UN Environment head Erik Solheim said the Assembly was an “astonishing success.”

The challenge now is “how do we translate that into real changes in people’s lives. That is what matters,” Solheim said at the closing news conference, identifying plastic pollution, air quality and chemicals as priority areas.

There was progress on one key front when five more countries, including Mongolia and Colombia, joined UN Environment’s BreatheLife campaign against air pollution, which causes an estimated 6.5 million premature deaths every year. More than 100 cities also support the drive, which aims to reduce air pollution to safe levels by 2030.

“What we need is more and more mayors, municipalities, regions, cities joining us,” Maria Neira of the World Health Organization, a key partner in the campaign, said at a signing ceremony.
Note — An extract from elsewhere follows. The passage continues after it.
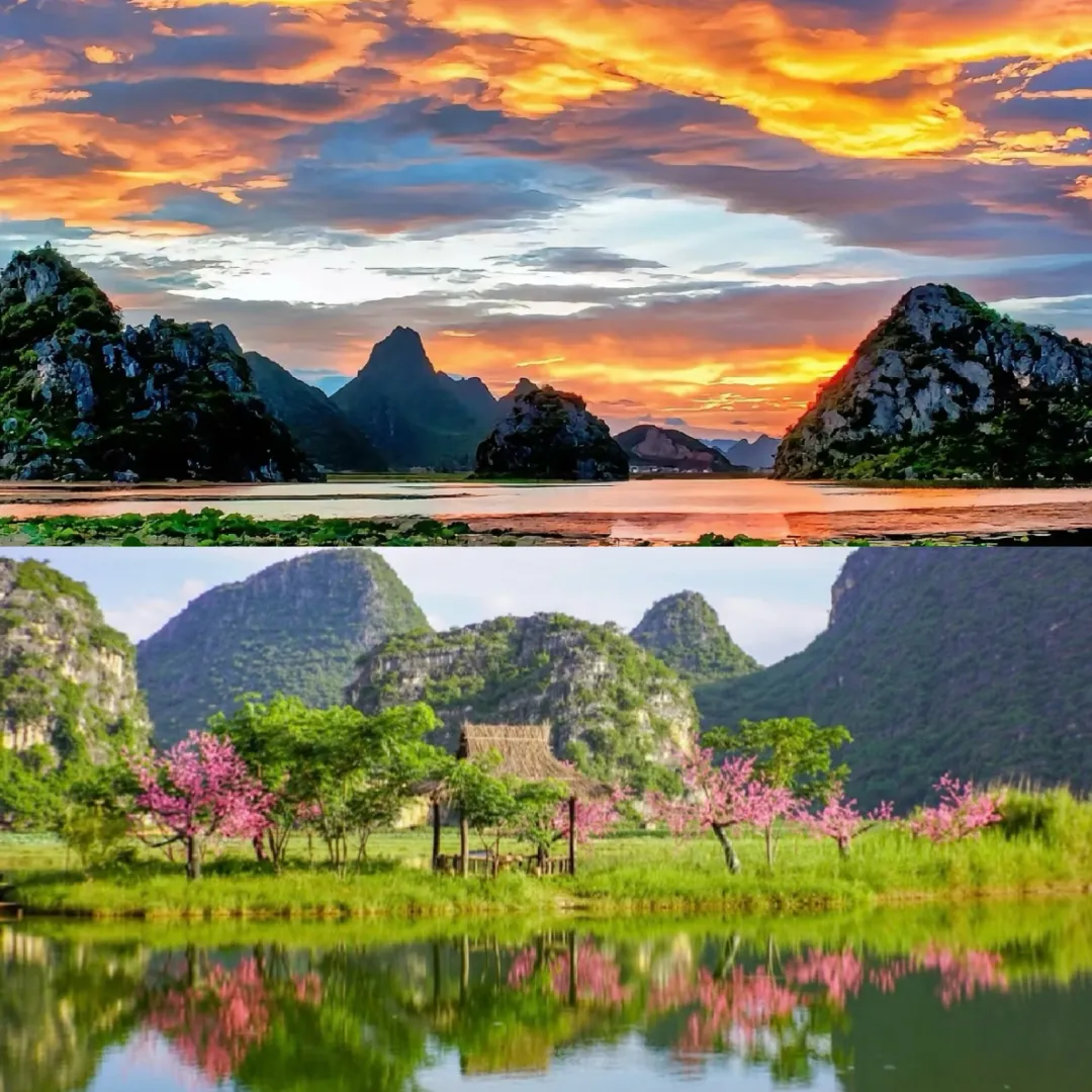 早餐后,乘车前往游览-【坝美广场】【世外桃源】【桃花林】观【猴爬岩】(门票,三段游船90、电瓶车50为必消小交通自理)风景区游览,“林尽水源,便得一山,山有小口,仿佛若有光,便舍船从口入。”来到坝美,靠潺潺溪流指路,溯流而上就会看到一个状若巨笔的石山(坝美村的入口),在昏暗的水洞中穿行,一束光后,便可看到洞口吱呀作响的水车 ,壮族少女婀娜的身姿。拾级而上,眼前顿时豁然开朗,淡蓝色的驮娘江在不远处向招手,碧绿的田野间农人耕作,翠竹、桃林深处有人家!

The commitments made in the campaign “will generate lots of benefits for human health.”

“The most important and immediate right to life is the air that we breathe every day,” said actor Dia Mirza, UN Environment’s newly appointed Goodwill Ambassador for India. “We have to do more to combat and mitigate air pollution, not just in India but everywhere.”

Earlier, a study launched at the Assembly underlined the need to keep on raising awareness of the dangers of pollution by revealing that even environmental policymakers can be unwittingly affected by pernicious pollutants.

Analysis of hair samples taken from 180 delegates representing 75 countries at a recent conference on the Minimata Convention to control mercury showed that most of them had a level of the metal in their bodies above alert thresholds for health problems including brain damage and intelligence loss.

The report, prepared by the IPEN network, said the results showed that no-one was safe from mercury contamination and called for the phasing-out of coal-fired power plants, a ban on the mercury trade that serves small-scale gold mining, and for clean-ups of contaminated sites.

Wednesday also saw events highlighting Kenya’s successfully implemented ban on plastic bags and how businesses as disparate as slaughterhouses and airports can contribute to the gathering efforts to combat pollution. It also saw the last of a series of leadership dialogues, this time focused on how tackling air pollution also helps counter global warming.

Delegates also got a more digestible slice of information about pollution, with a screening of “Chasing Coral,” a documentary on the fragile beauty of marine ecosystems. UN Environment on Tuesday made director Jeff Orlowski a Champion of the Earth for his work spreading powerful environmental messages to a global audience.